Work order: The records below must be returned exactly, with every picture left out.

Data extracted from a collection
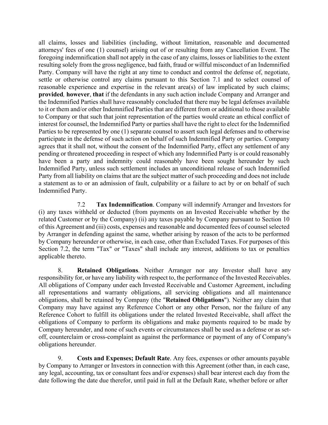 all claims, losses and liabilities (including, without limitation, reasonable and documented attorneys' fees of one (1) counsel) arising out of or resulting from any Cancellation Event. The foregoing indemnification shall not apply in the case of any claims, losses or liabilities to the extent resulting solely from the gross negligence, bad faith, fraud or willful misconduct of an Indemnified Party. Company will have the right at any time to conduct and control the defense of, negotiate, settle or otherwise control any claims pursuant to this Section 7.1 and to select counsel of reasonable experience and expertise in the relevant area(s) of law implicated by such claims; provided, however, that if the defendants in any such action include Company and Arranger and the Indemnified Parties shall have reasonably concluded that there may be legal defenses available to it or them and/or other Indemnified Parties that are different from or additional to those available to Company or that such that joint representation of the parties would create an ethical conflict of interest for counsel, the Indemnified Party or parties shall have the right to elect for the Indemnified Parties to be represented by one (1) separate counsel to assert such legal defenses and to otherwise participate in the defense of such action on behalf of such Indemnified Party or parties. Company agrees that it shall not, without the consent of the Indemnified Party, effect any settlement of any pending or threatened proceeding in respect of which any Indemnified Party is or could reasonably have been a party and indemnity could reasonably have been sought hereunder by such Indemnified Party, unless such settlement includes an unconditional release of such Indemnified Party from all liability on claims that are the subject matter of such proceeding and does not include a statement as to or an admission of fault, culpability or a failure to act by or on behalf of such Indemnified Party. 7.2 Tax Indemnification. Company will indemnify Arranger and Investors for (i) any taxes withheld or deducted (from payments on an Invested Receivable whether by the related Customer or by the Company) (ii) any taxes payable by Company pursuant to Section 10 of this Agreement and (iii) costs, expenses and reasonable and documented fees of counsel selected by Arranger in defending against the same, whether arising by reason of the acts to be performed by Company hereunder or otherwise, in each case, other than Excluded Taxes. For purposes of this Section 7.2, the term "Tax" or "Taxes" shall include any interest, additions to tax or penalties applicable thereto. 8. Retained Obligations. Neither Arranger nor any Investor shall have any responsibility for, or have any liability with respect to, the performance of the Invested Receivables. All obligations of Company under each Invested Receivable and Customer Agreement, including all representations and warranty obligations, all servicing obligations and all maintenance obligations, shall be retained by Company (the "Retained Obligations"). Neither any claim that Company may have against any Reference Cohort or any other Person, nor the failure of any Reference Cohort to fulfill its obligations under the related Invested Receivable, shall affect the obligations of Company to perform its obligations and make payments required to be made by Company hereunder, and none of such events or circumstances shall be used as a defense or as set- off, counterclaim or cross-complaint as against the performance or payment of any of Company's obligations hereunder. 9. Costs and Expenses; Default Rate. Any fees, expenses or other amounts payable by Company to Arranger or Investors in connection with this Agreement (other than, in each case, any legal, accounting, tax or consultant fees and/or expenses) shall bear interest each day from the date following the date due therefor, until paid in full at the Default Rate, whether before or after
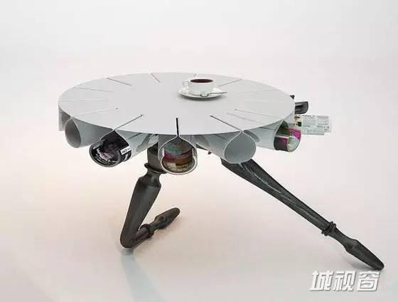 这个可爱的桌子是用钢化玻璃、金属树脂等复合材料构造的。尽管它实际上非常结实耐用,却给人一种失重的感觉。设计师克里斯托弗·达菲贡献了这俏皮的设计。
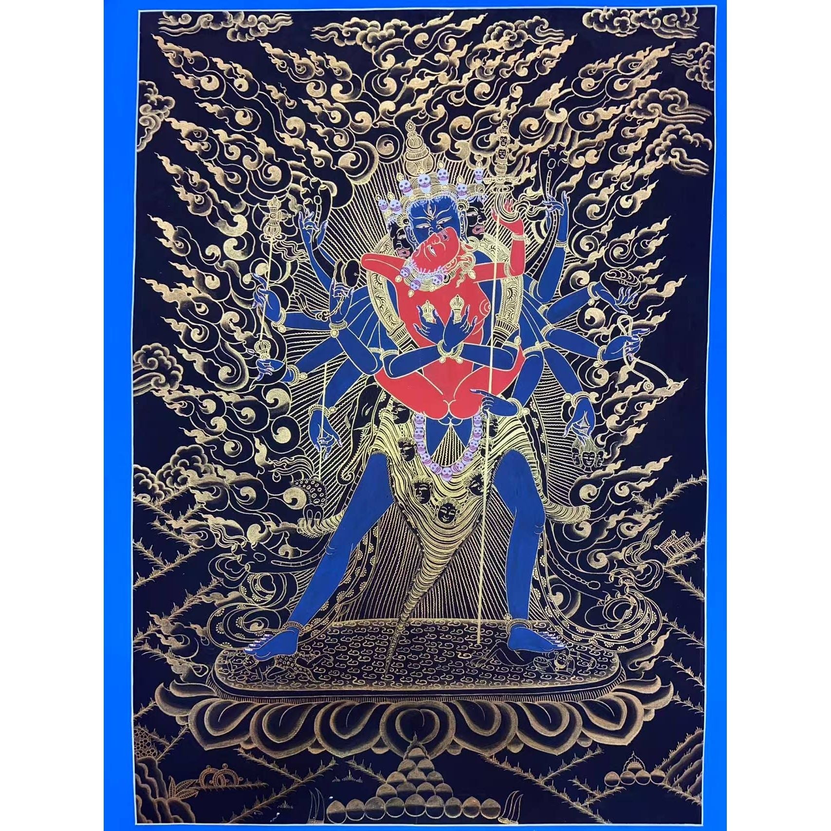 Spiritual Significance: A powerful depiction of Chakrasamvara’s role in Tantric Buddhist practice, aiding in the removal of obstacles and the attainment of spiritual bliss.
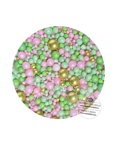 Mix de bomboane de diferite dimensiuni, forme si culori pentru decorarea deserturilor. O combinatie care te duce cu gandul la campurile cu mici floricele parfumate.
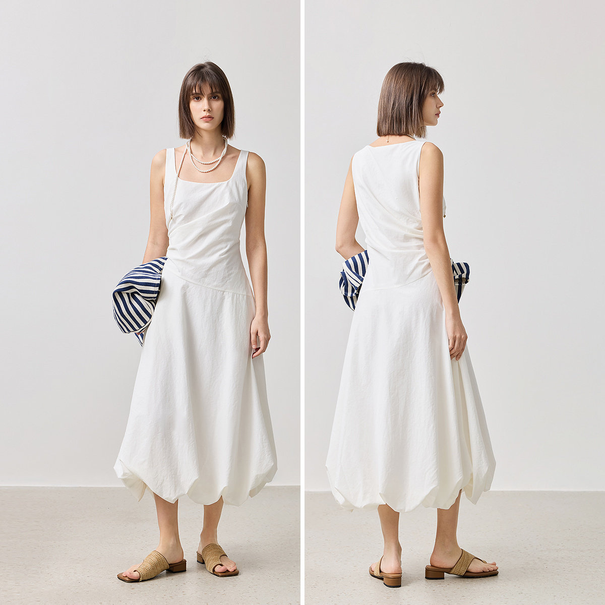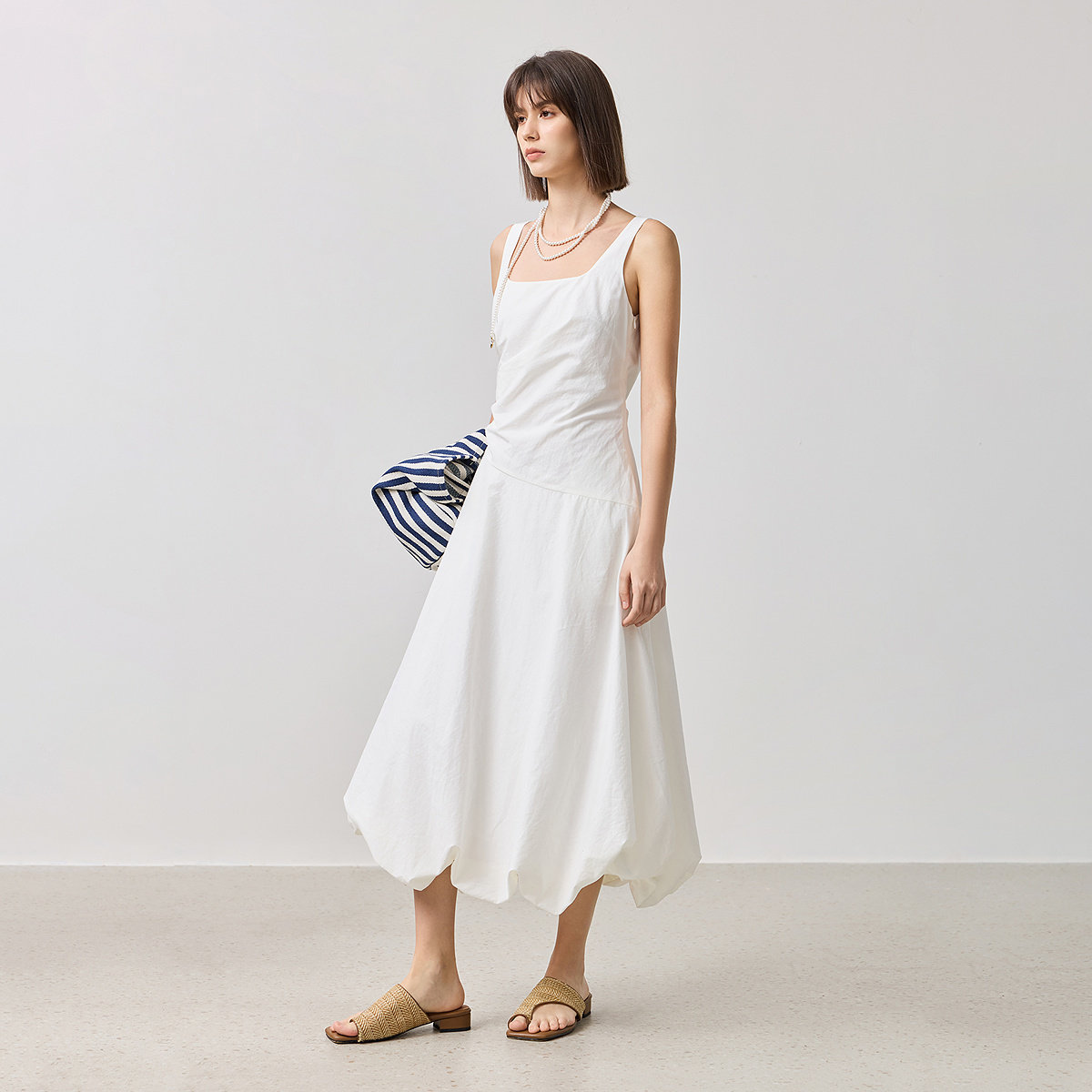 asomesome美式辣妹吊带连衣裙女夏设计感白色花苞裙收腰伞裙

Worked solution:
 all claims, losses and liabilities (including, without limitation, reasonable and documented attorneys' fees of one (1) counsel) arising out of or resulting from any Cancellation Event. The foregoing indemnification shall not apply in the case of any claims, losses or liabilities to the extent resulting solely from the gross negligence, bad faith, fraud or willful misconduct of an Indemnified Party. Company will have the right at any time to conduct and control the defense of, negotiate, settle or otherwise control any claims pursuant to this Section 7.1 and to select counsel of reasonable experience and expertise in the relevant area(s) of law implicated by such claims; provided, however, that if the defendants in any such action include Company and Arranger and the Indemnified Parties shall have reasonably concluded that there may be legal defenses available to it or them and/or other Indemnified Parties that are different from or additional to those available to Company or that such that joint representation of the parties would create an ethical conflict of interest for counsel, the Indemnified Party or parties shall have the right to elect for the Indemnified Parties to be represented by one (1) separate counsel to assert such legal defenses and to otherwise participate in the defense of such action on behalf of such Indemnified Party or parties. Company agrees that it shall not, without the consent of the Indemnified Party, effect any settlement of any pending or threatened proceeding in respect of which any Indemnified Party is or could reasonably have been a party and indemnity could reasonably have been sought hereunder by such Indemnified Party, unless such settlement includes an unconditional release of such Indemnified Party from all liability on claims that are the subject matter of such proceeding and does not include a statement as to or an admission of fault, culpability or a failure to act by or on behalf of such Indemnified Party. 7.2 Tax Indemnification. Company will indemnify Arranger and Investors for (i) any taxes withheld or deducted (from payments on an Invested Receivable whether by the related Customer or by the Company) (ii) any taxes payable by Company pursuant to Section 10 of this Agreement and (iii) costs, expenses and reasonable and documented fees of counsel selected by Arranger in defending against the same, whether arising by reason of the acts to be performed by Company hereunder or otherwise, in each case, other than Excluded Taxes. For purposes of this Section 7.2, the term "Tax" or "Taxes" shall include any interest, additions to tax or penalties applicable thereto. 8. Retained Obligations. Neither Arranger nor any Investor shall have any responsibility for, or have any liability with respect to, the performance of the Invested Receivables. All obligations of Company under each Invested Receivable and Customer Agreement, including all representations and warranty obligations, all servicing obligations and all maintenance obligations, shall be retained by Company (the "Retained Obligations"). Neither any claim that Company may have against any Reference Cohort or any other Person, nor the failure of any Reference Cohort to fulfill its obligations under the related Invested Receivable, shall affect the obligations of Company to perform its obligations and make payments required to be made by Company hereunder, and none of such events or circumstances shall be used as a defense or as set- off, counterclaim or cross-complaint as against the performance or payment of any of Company's obligations hereunder. 9. Costs and Expenses; Default Rate. Any fees, expenses or other amounts payable by Company to Arranger or Investors in connection with this Agreement (other than, in each case, any legal, accounting, tax or consultant fees and/or expenses) shall bear interest each day from the date following the date due therefor, until paid in full at the Default Rate, whether before or after
 这个可爱的桌子是用钢化玻璃、金属树脂等复合材料构造的。尽管它实际上非常结实耐用,却给人一种失重的感觉。设计师克里斯托弗·达菲贡献了这俏皮的设计。
 Spiritual Significance: A powerful depiction of Chakrasamvara’s role in Tantric Buddhist practice, aiding in the removal of obstacles and the attainment of spiritual bliss.
 Mix de bomboane de diferite dimensiuni, forme si culori pentru decorarea deserturilor. O combinatie care te duce cu gandul la campurile cu mici floricele parfumate.
 asomesome美式辣妹吊带连衣裙女夏设计感白色花苞裙收腰伞裙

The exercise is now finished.